▶ **Task**
The lines below, from the first through the one containing "Позиция принятия здоровымребёнком", are to be given again exactly, with pictures left out and nothing added.

▶ **Supplied records**
+ + + + + + +
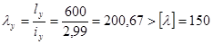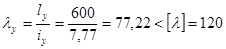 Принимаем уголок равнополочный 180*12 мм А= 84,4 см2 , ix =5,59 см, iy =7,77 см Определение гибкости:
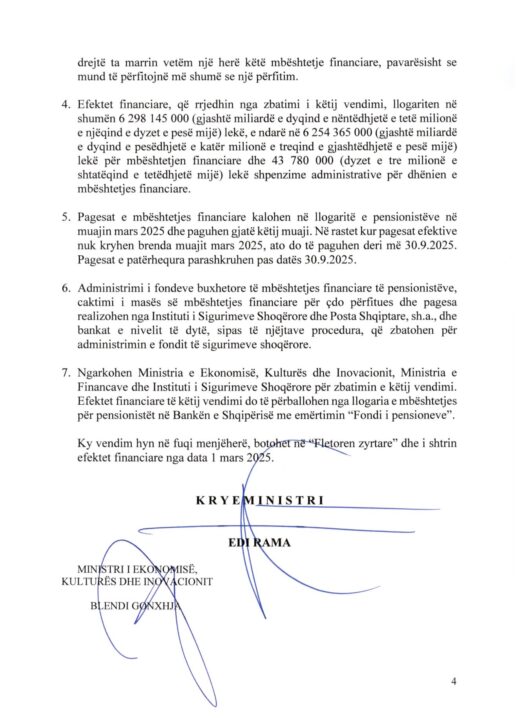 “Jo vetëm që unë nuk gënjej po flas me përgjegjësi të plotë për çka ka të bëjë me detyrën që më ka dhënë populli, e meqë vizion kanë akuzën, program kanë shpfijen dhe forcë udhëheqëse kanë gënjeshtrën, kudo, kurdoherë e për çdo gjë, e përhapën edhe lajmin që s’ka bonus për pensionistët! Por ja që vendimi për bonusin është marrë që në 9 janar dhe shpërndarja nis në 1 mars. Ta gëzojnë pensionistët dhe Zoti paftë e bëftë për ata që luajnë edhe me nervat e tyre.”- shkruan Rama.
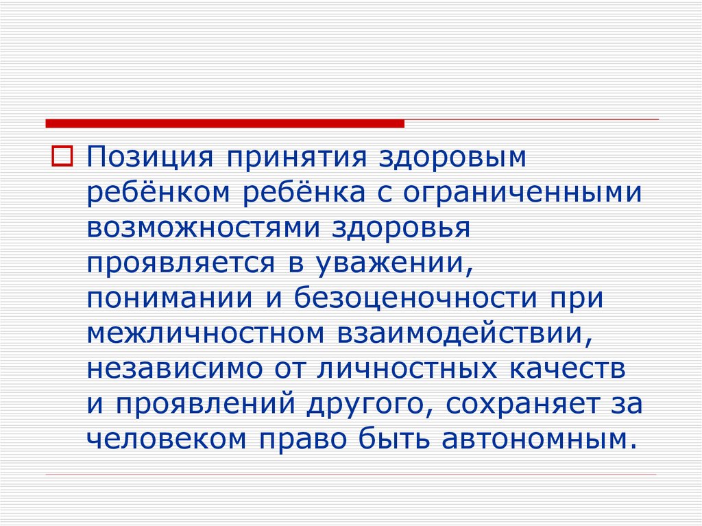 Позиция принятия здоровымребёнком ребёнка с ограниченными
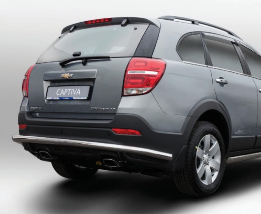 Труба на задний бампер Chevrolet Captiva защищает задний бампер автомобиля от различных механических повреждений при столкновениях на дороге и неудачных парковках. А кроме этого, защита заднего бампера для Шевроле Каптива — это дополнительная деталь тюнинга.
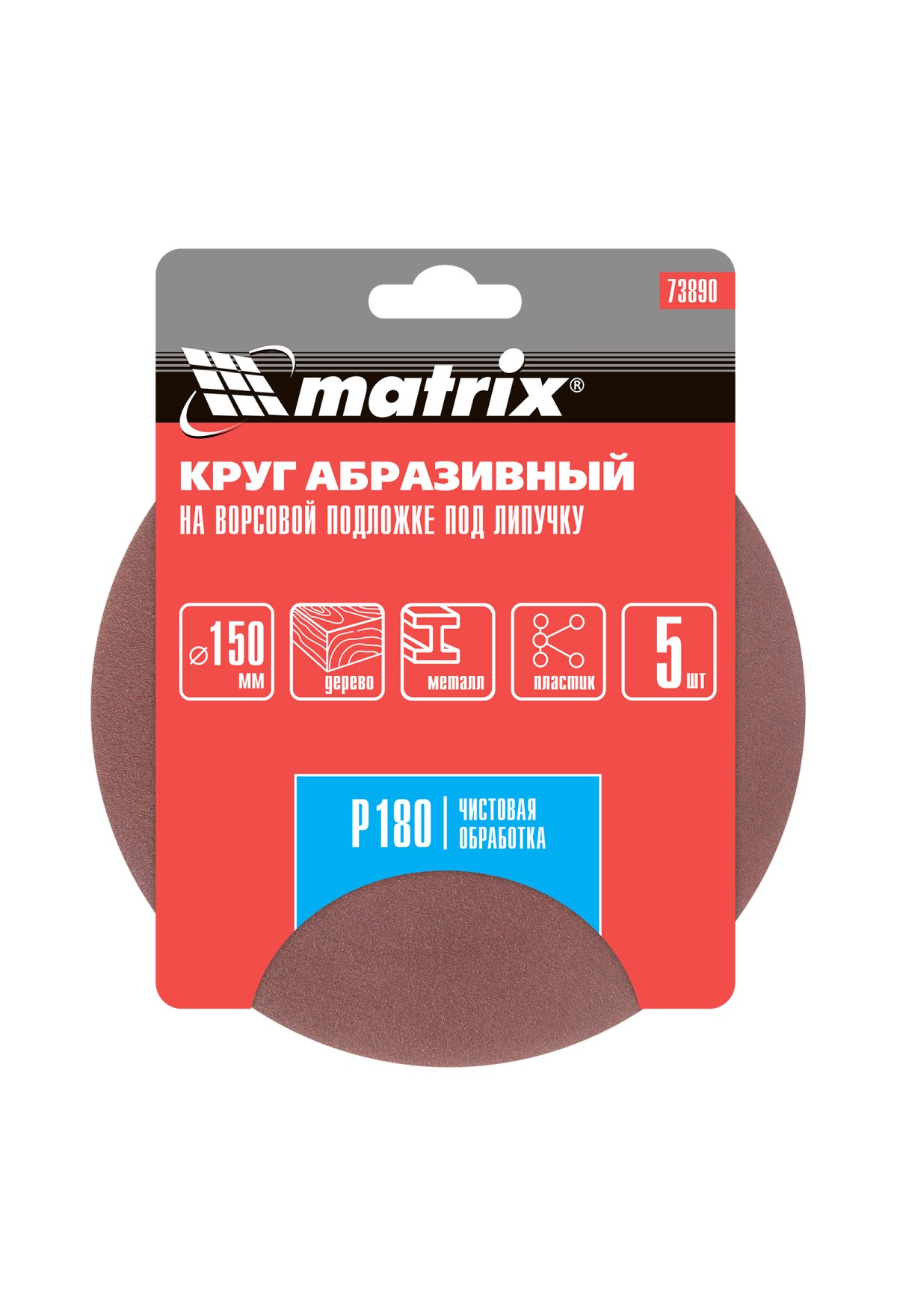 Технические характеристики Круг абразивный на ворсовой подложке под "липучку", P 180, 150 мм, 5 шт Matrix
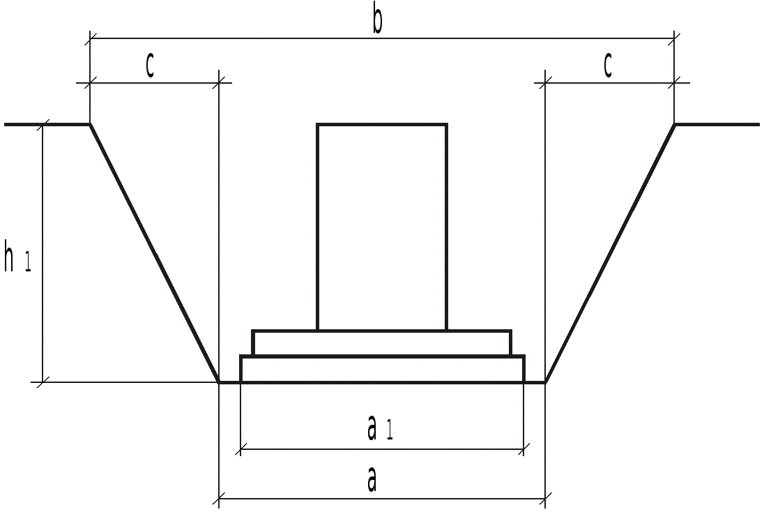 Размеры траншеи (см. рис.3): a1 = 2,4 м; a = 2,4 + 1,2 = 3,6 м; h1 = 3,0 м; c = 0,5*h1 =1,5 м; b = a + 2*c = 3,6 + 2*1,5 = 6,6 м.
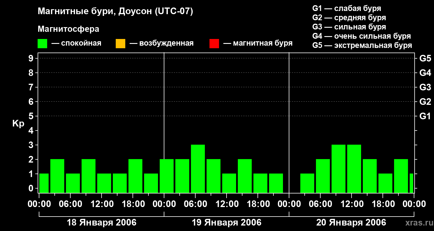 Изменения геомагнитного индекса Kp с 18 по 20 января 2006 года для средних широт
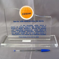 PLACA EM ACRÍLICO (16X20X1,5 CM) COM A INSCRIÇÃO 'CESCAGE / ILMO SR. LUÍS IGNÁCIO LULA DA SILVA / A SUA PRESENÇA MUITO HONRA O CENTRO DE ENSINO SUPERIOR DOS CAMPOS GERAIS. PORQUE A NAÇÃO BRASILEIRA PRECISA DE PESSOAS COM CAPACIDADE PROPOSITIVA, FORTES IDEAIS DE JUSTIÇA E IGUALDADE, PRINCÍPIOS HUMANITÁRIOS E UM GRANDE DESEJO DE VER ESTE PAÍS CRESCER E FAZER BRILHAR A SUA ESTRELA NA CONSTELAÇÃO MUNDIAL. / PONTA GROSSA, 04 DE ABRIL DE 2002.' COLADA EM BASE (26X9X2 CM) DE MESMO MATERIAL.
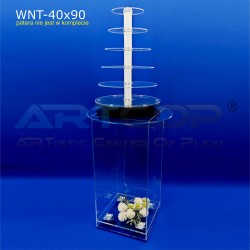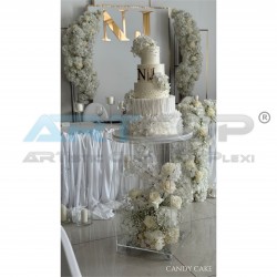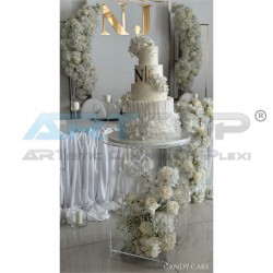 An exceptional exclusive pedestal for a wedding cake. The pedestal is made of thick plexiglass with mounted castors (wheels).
+ + + + + + +
▶ **Written answer**
 Принимаем уголок равнополочный 180*12 мм А= 84,4 см2 , ix =5,59 см, iy =7,77 см Определение гибкости:
 “Jo vetëm që unë nuk gënjej po flas me përgjegjësi të plotë për çka ka të bëjë me detyrën që më ka dhënë populli, e meqë vizion kanë akuzën, program kanë shpfijen dhe forcë udhëheqëse kanë gënjeshtrën, kudo, kurdoherë e për çdo gjë, e përhapën edhe lajmin që s’ka bonus për pensionistët! Por ja që vendimi për bonusin është marrë që në 9 janar dhe shpërndarja nis në 1 mars. Ta gëzojnë pensionistët dhe Zoti paftë e bëftë për ata që luajnë edhe me nervat e tyre.”- shkruan Rama.
 Позиция принятия здоровымребёнком ребёнка с ограниченными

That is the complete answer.